En una recopilación de ensayos, entrevistas y artículos titulado Stranger than fiction, Chuck Palahniuk dedicó páginas y páginas a la recepción que tuvo El club de la lucha, tanto la novela como la película. En presentaciones y clubs de lectura, había algunos asistentes que se le acercaban para hacerle confidencias. "Los lectores me explicaban", escribe Palahniuk, "cómo se sonaban encima de las hamburguesas cuando trasteaban de cocineros en restaurantes de comida rápida". En el mismo capítulo, el escritor añadía: "Este verano un joven me llevó a un rincón de una librería y me dijo que le había encantado lo que yo había escrito en El club de la lucha sobre los camareros que hacen marranadas con la comida. Me pidió que le firmara un ejemplar y me dijo que él trabajaba en un restaurante de cinco estrellas donde hacen guarradas todo el tiempo con los pedidos de los famosos.

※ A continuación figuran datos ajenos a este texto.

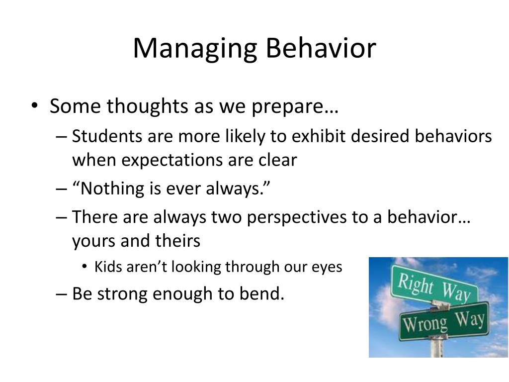 Managing Behavior • Some thoughts as we prepare… • Students are more likely to exhibit desired behaviors when expectations are clear • “Nothing is ever always.” • There are always two perspectives to a behavior… yours and theirs • Kids aren’t looking through our eyes • Be strong enough to bend.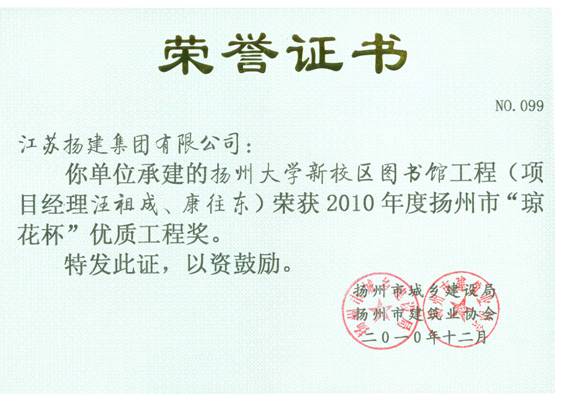 2010年12月获得扬州市优质工程奖“琼花杯”

—Margaret Thatcher —dijo— se ha comido mi semen. —Levantó la palma con todos los dedos extendidos y añadió—: Como mínimo, unas 5 veces".

Hacer tragarse semen sin su consentimiento a una mujer de derechas por el hecho de ser de derechas: terrorismo gastronómico con misoginia de clase.

No es alarmismo: es autodefensa en mesa

La semana pasada, diferentes medios publicaban la noticia que en Japón empezaban a estar las primeras detenciones de ciudadanos acusados de perpetrar "terrorismo de sushi". Como la infame escena de El club de la lucha, la barbarie tenía lugar dentro de un restaurante. Esta vez, sin embargo, los terroristas lo eran de cocina para afuera, y más allá: algunos clientes se estaban grabando en locales de cinta giratoria, y acto seguido publicándolo en redes, mientras lamían botellas de salsa de soja y sobaban piezas de sushi después de ensalivarse los dedos, para dejarlas continuar su camino encima de la cinta. Los detenidos tienen 21, 19 y 15, es decir: ninguno de ellos acumula más años de los que tienen productos como Mallrats o El club de la lucha. Quizás ni saben de su existencia. El terrorismo gastronómico ha entrado en fase nihilista y ya no necesita ninguna cobertura ideológica ni cruzada concreta para manifestarse, incluso, ante los ojos de cualquiera que haga scroll. No es alarmismo: es autodefensa en mesa. "Millones de espectadores pagaron por ver como destruían el Empire State a Independence Day y ahora el Departamento de Defensa de los Estados Unidos ha fichado a los mejores creativos de Hollywood para prever posibles situaciones de terrorismo", escribía Palahniuk en Stranger than fiction.

"Queremos conocer todas las formas en que podemos ser atacados. Para poder estar preparados".